How Aircraft Carriers Work

Life on an Aircraft Carrier

Members of the USS George Washington crew scrub the flight deck.
Photo courtesy U.S Department of Defense

The modern supercarrier is widely referred to as a "city at sea." With between 5,000 and 6,000 people working, relaxing, eating and sleeping onboard for months at a time, this is certainly accurate. But it's not at all like any city you would find on dry land.

For starters, most residents have little opportunity to see the outside world. The flight deck, hangar and fantail all have wonderful views of the sea and sky, but they are so hectic and dangerous that only a handful of people are allowed access during normal operations. The top levels of the island are safe enough, but sensitive operations and limited space means you can't have a lot of people coming and going. A sailor who works below deck might go for weeks without ever seeing daylight.


Throughout the ship, conditions are much more cramped than in a normal city. To get from place to place, personnel have to scale nearly vertical steps and squeeze past each other in narrow corridors. The berthing compartments (sleeping quarters) are extremely tight.
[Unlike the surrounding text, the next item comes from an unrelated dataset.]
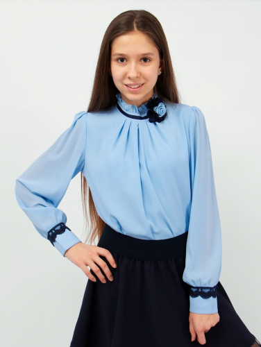 Блузка гипюровая с брошью SP008.1 - голубой

Enlisted personnel share a compartment with about 60 other people, all sleeping in single bunks, generally called racks, crammed together in stacks of three. Each person gets a small stowage bin and upright locker for clothes and personal belongings, and everybody in the compartment shares a bathroom and a small common area with a television hooked up to one of the carrier's satellite dishes. Officers enjoy more space and finer furnishings, but their space is limited, too. Everybody onboard has to get used to tight quarters.
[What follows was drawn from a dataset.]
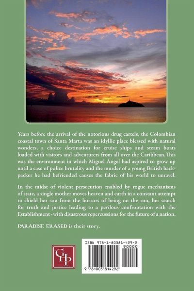 PARADISE ERASED Chronicle of an Exile Before the arrival of the notorious drug cartels, the Colombian coastal town of Santa Marta was an idyllic place blessed with natural wonders, a choice destination for cruise ships and steam boats loaded with visitors and adventurers from all over the Caribbean. This was the environment in which Miguel angel had aspired to grow up until a case of police brutality and the murder of a young British backpacker he had befriended causes the fabric of his world to unravel. In the midst of violent persecution enabled by rogue mechanisms of state, a single mother moves heaven and earth in a constant attempt to shield her son from the horrors of being on the run, her search for truth and justice leading to a perilous confrontation with the Establishment - with disastrous repercussions for the future of a nation. PARADISE ERASED is their story.
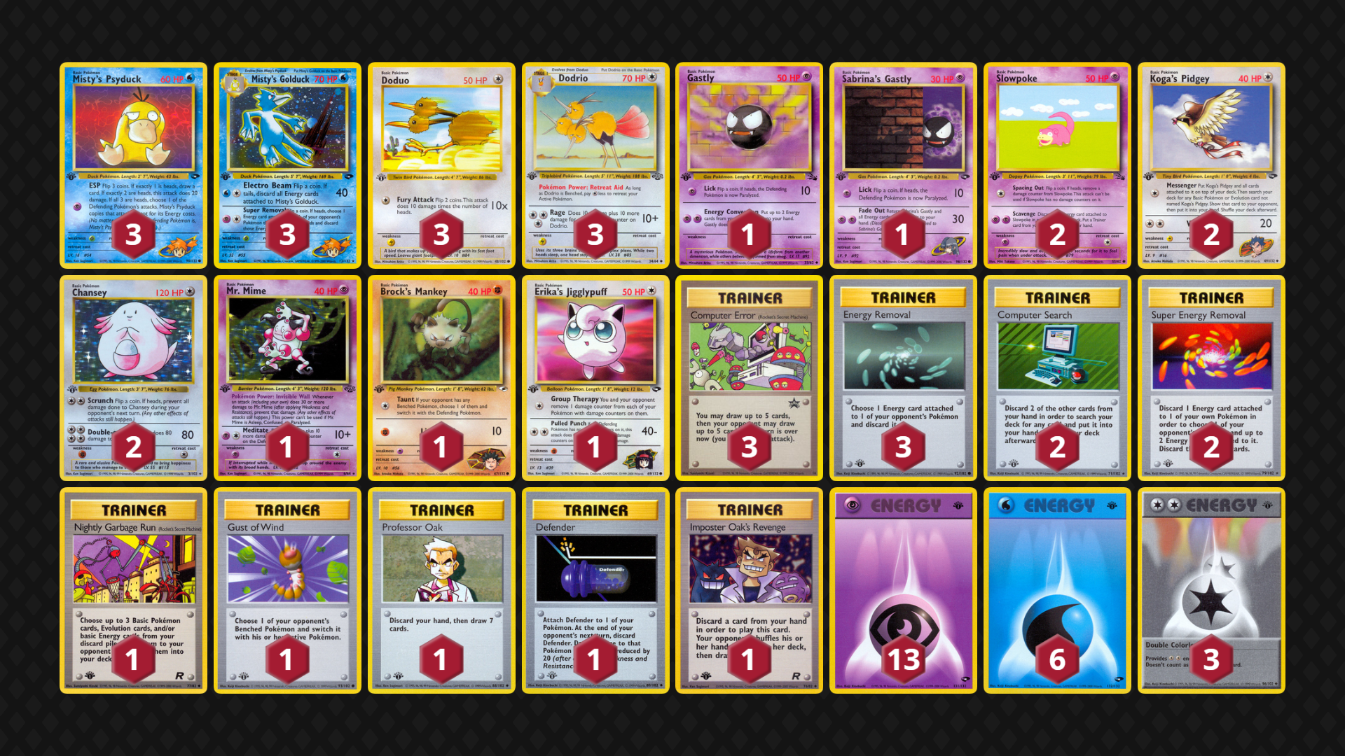 - Consistency (Deck Construction) – Somewhat Consistent – Computer Error, Computer Search and Koga’s Pidgey provide the majority of consistency (with some Misty’s Psyduck flips and a single Professor Oak helping every now and then).

Firing practice onboard the USS Independence
Photo courtesy U.S Department of Defense
2001 New Year's Eve party in the USS Theodore Roosevelt hangar bay
Photo courtesy U.S. Navy

Jobs are highly varied, just like in a normal city. Approximately 2,500 men and women form the air wing, the people who actually fly and maintain the aircraft. Another 3,000 or so people make up the ship's company, which keeps all parts of the carrier running smoothly -- this includes everything from washing dishes and preparing meals to handling weaponry and maintaining the nuclear reactors.

The ship has everything its residents need to live, even if it's not as comfortably as they would like. There are multiple galleys (kitchens) and mess halls onboard, which collectively serve as many as 18,000 meals a day. The ship also has a sizable laundry facility, dentist and doctor's offices, various stores and a bank of telephones where personnel can talk to their families via satellite.

Sailors phoning home onboard the USS Harry S. Truman
Photo courtesy U.S. Navy

Life onboard an aircraft carrier is undeniably difficult and exhausting, but it can also be exhilarating, especially for the men and women up on the flight deck, flying and bringing in planes on a tiny patch of runway. Good or bad, it's like no other place on earth.